Tales of a β male

Monday, October 19, 2009

This weekend at a small gathering I was criticized by a stranger for recognizing a song as being performed by Cake. An acme of maturity, I then criticized them for being an impolite guest. Sorry, hosts; not my place. Enough of that.

During the summers of my college years I worked in my father’s Minneapolis stone yard. He employed me both as a common laborer and as an inventory consultant of types. Beneath this latter hat I would estimate the volume of stone piles and from there determine the approximate number of rocks present. One afternoon my father was selling off a large piece of carved stone to one of his clients. The gentleman began to question me about my doings. In particular, he was interested in my goals. “Young people today don’t seem to have a lot of goals,” he intoned. True to his prediction, that 20 year-old also didn’t have goals, so I made some shit up to satisfy him so I could get back to mathing. I didn’t have the articulacy or balls to say it at the time, but I think of goals as one of many human attempts to slap delineations on reality, to feel a sense of power over an existence that at any moment can be upended by trivialities. But in a bow to my former inquisitor, here’s a list of some of my short-term goals (3 months).

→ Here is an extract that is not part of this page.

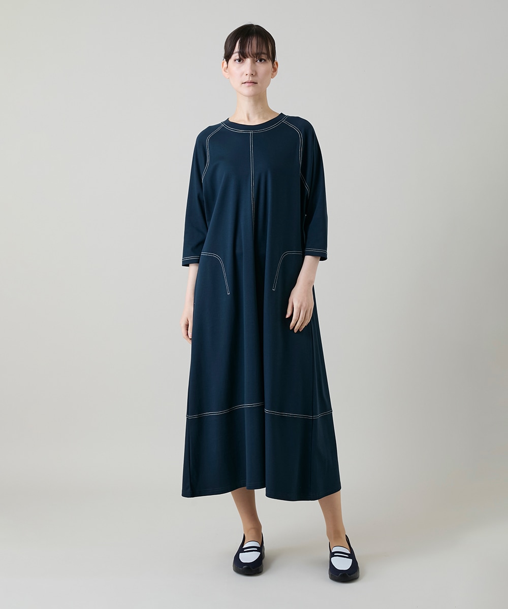 夏に嬉しいコットン素材のワンピースです。コットン100%と思えないとてもソフトな肌触りで、着心地抜群なのでストレスがなくお勧めです。ラグランスリーブで動きやすく気になる肘が隠れる7分袖が嬉しいです。白の配色ステッチがメリハリをプラスします。夏に着になる汗染みを軽減する素材なのでデイリーに楽しめます。

Gain back ten pounds. Make that eight. To be (appear) healthier.

Make substantial progress in my research/have a committee meeting/submit an NRSA.

Complete two art projects. One a stylized rendition of a medial MRI of my brain, neck, and accompanying tissues, the other a series of photographs showing every 3 hours of murine development from embryonic day 8.0 to 11.5. These undertakings are part of a larger effort to make my apartment indicative of my tastes and personality.

Buy a desk.


1 comment:

snuggly flavonoid said...

i thought you make goals to distract from reality/present, not to define it.